Broadcasters adjust to MLB's pitch clock

Illustration of a pitcher delivering a pitch with a stopwatch counting down in the background

Illustration: Brendan Lynch/Axios

Major League Baseball's new pitch clock has forced big leaguers to make adjustments. It's demanded change from broadcasters, too, as they try to weave the clock into their coverage.

State of play: During spring training, networks tested out a variety of ways to visualize the pitch clock. Now, one month into the season, they've all mostly settled on their own unique solution.

  • Some keep the pitch clock visible at all times, while others only show the timer when it's about to run out. Some clocks turn a different color with 10 seconds left, while others don't.
  • It's all about striking a balance between (a) helping the viewer "feel" the pitch clock and (b) not reminding them of it so frequently that it takes away from the joy of baseball.

Between the lines: Numerous pitch clock graphics have been used this season, from local broadcasts on regional sports networks to national broadcasts on ESPN, Fox, Apple, TBS and Peacock. Every network, it seems, has a slightly different take on what works best.

MLB broadcast screenshots
Clockwise from top left: Pitch clock graphics for ESPN, Bally Sports, Fox and NESN. Screenshots via Twitter

A few examples from above:

  • ESPN (top left): In spring training, ESPN's pitch clock graphic popped out of the right side of the score bug. Now, it has its own dedicated spot next to the pitch count and is visible for much of the game.
  • Bally Sports (top right): The clock is located neatly inside the diamond, which shows how many players are on base and how many outs there are.
  • Fox (bottom right): The clock pops out of the score bug when it nears zero, likely drawing more attention than the more static examples above. Fox has also used a virtual clock that pops up on the mound.
  • NESN (bottom left): The clock is above the pitch count, and a red background appears once it hits 10 seconds. This catches the viewer's eye, while also being very on-brand for NESN's team, the Boston Red Sox.

The backdrop: In 1994, Fox introduced a score bug as part of its inaugural season of NFL coverage. Variety criticized the so-called "FoxBox" as an "annoying see-through clock and score graphic," but it soon became a ubiquitous feature of all sports broadcasts.

  • Networks have routinely upgraded their score bugs, transforming what were once fairly simple scoreboards into robust information hubs (think: in-game stats, timeouts, pitch count, shot/play clock, etc).
  • Fitting everything into such a confined space is "like a visual puzzle," ESPN vice president of production Phil Orlins tells me.

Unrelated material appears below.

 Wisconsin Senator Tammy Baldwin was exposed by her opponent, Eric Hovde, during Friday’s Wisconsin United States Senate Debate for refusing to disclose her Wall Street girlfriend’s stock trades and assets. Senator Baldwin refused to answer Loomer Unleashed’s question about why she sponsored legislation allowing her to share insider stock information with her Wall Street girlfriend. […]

And while the addition of the pitch clock didn't require a full redesign, "we had to move the furniture around," he adds.

What they're saying: "I don't think taking [the clock] in and out over and over again makes it less intrusive to the viewer," says Orlins. "I would rather find a comfortable way to let it stay on the screen the vast majority of the time, and let viewers choose when they want to be served rather than producers or directors telling them, 'Now is the time to read some information.'"

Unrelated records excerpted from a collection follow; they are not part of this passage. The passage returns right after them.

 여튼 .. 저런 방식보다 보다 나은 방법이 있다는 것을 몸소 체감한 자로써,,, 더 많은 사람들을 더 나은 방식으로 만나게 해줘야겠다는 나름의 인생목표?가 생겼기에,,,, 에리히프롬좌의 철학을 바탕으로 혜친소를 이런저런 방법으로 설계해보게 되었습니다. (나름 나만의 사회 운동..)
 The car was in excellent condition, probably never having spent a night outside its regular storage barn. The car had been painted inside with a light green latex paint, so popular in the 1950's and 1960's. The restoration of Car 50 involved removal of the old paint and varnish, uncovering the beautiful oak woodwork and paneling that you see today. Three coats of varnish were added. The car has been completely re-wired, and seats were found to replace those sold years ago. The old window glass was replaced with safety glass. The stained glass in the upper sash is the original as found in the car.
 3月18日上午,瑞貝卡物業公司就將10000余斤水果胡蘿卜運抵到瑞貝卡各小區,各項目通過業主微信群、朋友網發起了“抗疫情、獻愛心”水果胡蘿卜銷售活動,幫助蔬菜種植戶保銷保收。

  • This sounds fundamentally different from Fox's approach. Their pop-out and on-mound clocks feel much more like "alerts" designed to remind viewers — frequently — about the ticking timer behind the scenes.
  • Something to watch: Could pitch clock graphics eventually be sponsored? It seems likely. The NBA has Tissot for the shot clock, and Rolex is the "official timekeeper" of a bunch of events.

The bottom line: Ultimately, every MLB broadcast partner is trying to usher in baseball's new normal as seamlessly as possible. And quite frankly, they all seem to be succeeding. "I've already stopped noticing the pitch clock," a friend told me this week. Honestly, same.